▶ SOURCE DATA

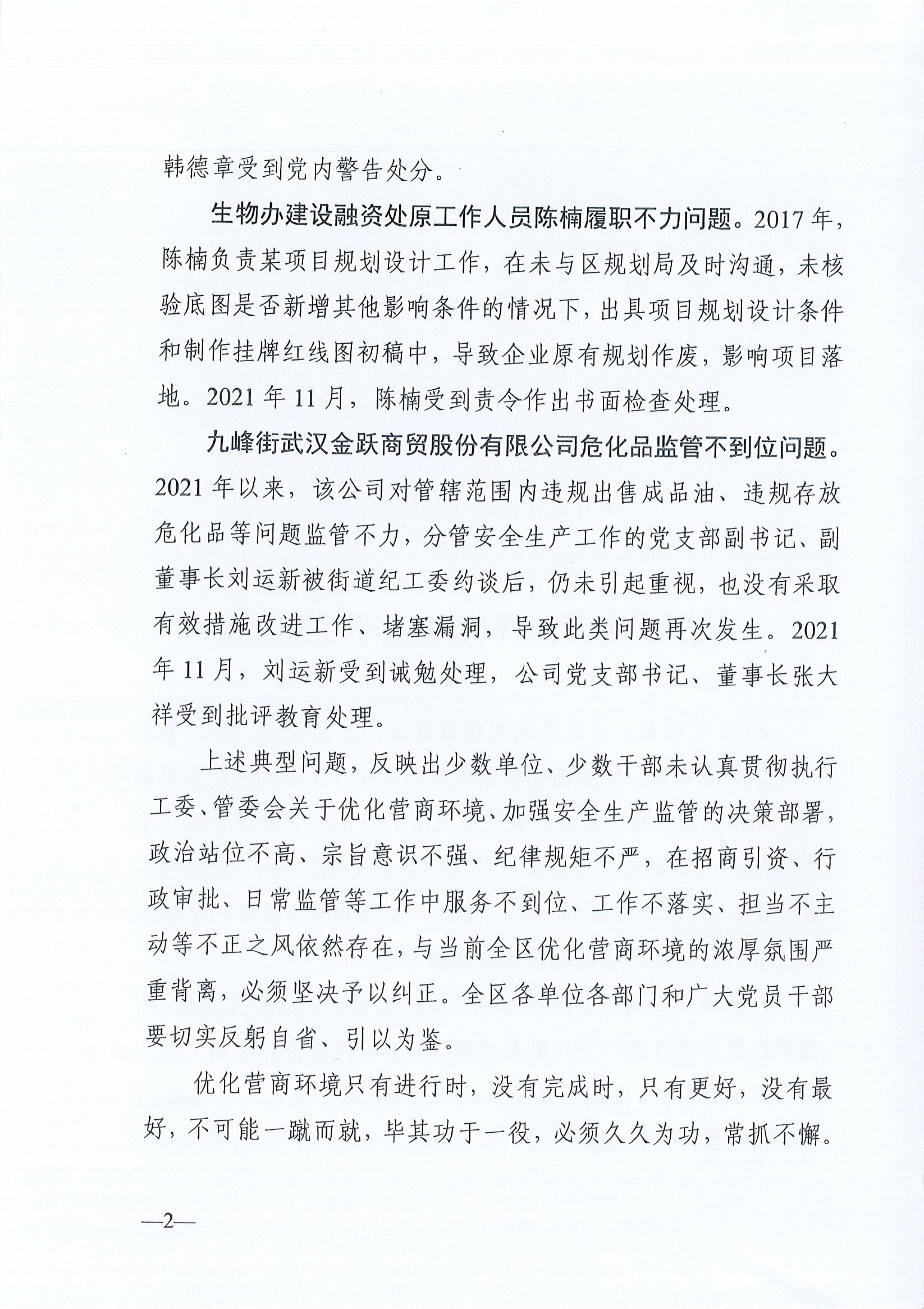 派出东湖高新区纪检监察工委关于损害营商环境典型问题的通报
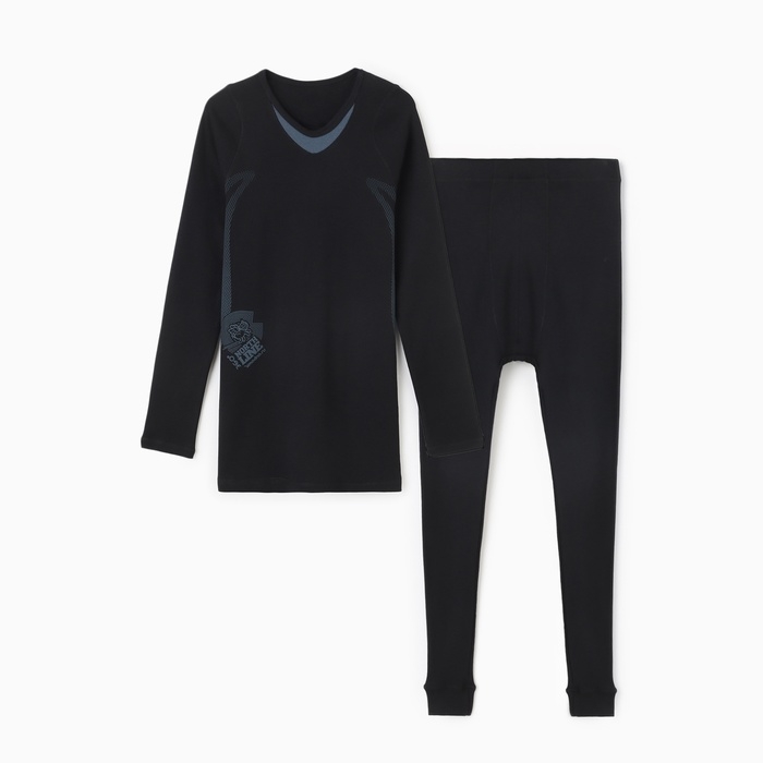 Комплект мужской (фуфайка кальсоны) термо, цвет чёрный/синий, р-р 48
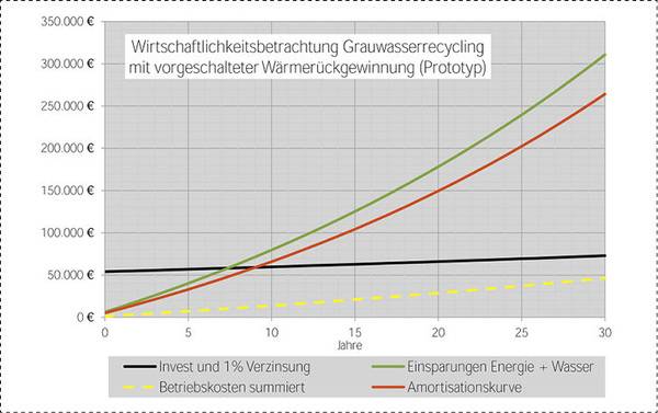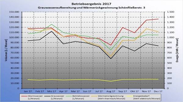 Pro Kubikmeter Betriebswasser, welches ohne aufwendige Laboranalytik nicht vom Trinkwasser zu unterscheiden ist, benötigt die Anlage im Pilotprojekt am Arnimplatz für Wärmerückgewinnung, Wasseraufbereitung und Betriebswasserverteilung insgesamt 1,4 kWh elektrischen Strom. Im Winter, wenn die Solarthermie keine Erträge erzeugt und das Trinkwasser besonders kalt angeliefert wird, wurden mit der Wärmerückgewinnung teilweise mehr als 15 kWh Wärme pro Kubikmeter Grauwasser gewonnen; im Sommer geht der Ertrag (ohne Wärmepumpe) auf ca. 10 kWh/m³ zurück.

* * *

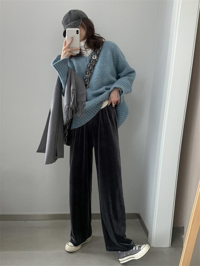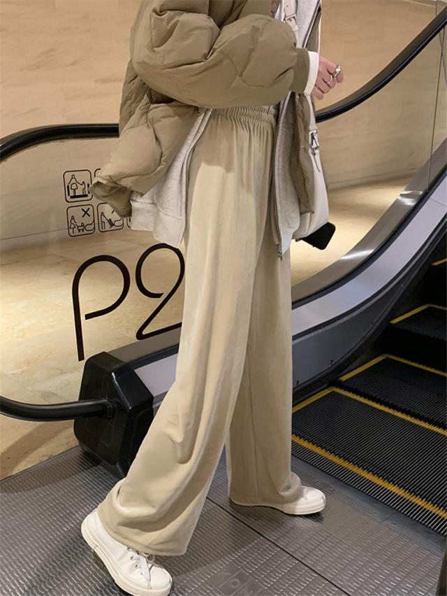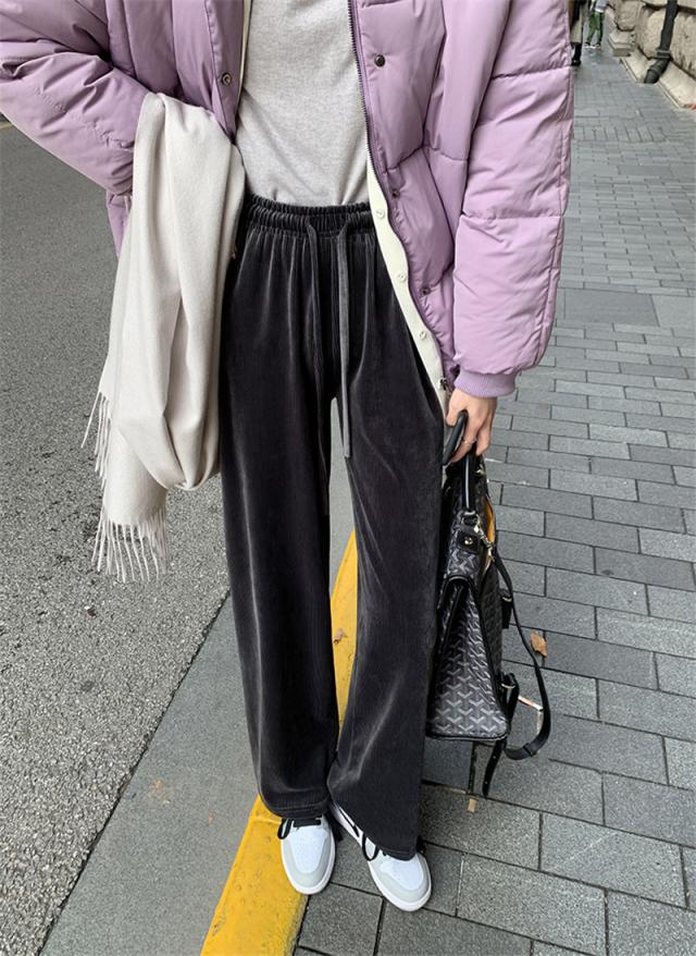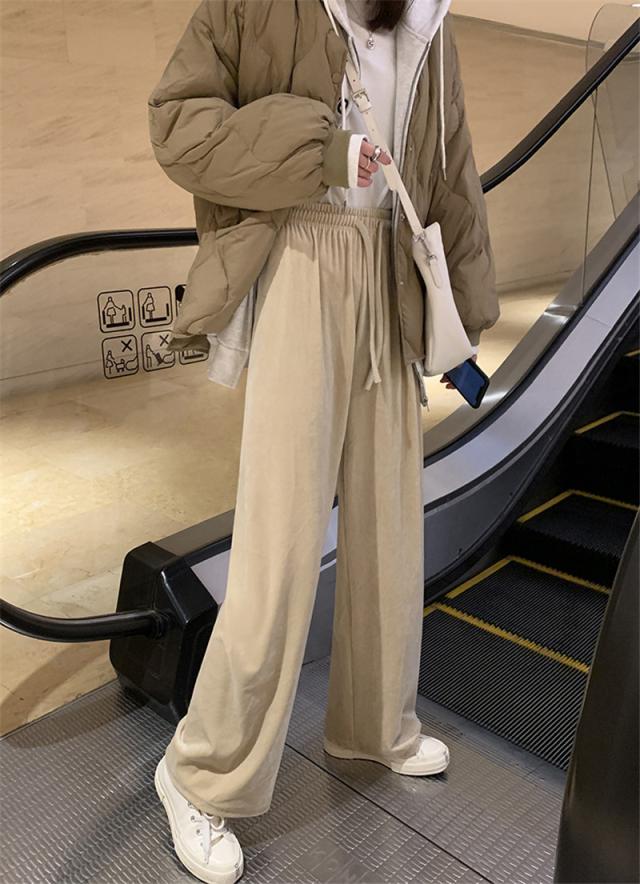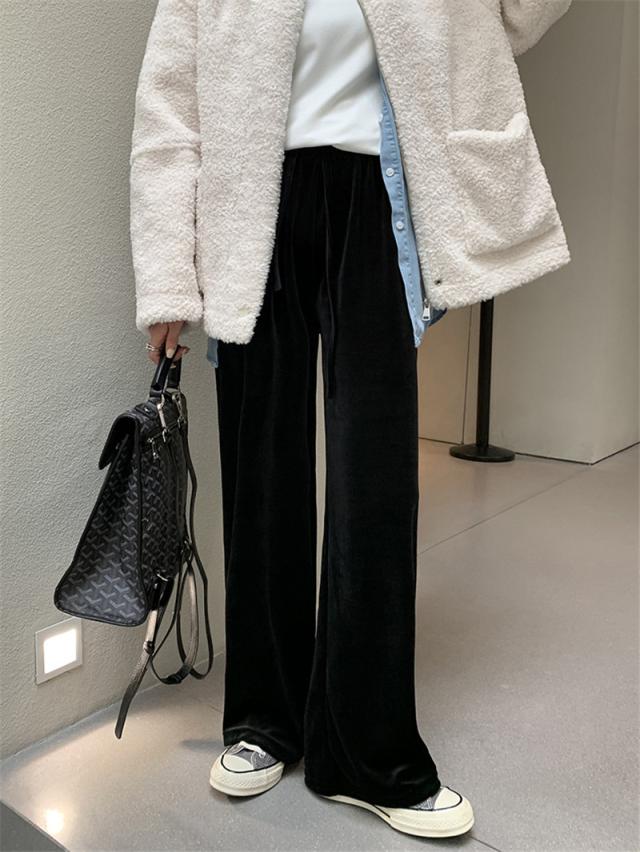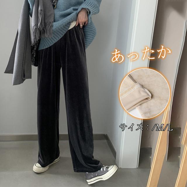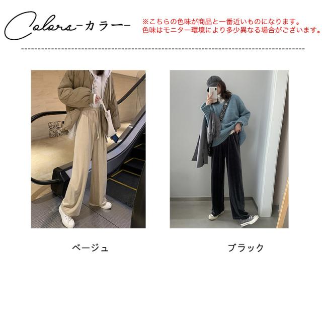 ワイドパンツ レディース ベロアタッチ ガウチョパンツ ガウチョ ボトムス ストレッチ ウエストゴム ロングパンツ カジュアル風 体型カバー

▶ TASK
Range to print from the listing above: from the line with "派出东湖高新区纪检监察工委关于损害营商环境典型问题的通报" up to and including the line with "Комплект мужской (фуфайка". Please print those lines exactly, with no pictures and nothing more.

▶ SOLUTION TO THIS TASK
 派出东湖高新区纪检监察工委关于损害营商环境典型问题的通报
 Комплект мужской (фуфайка кальсоны) термо, цвет чёрный/синий, р-р 48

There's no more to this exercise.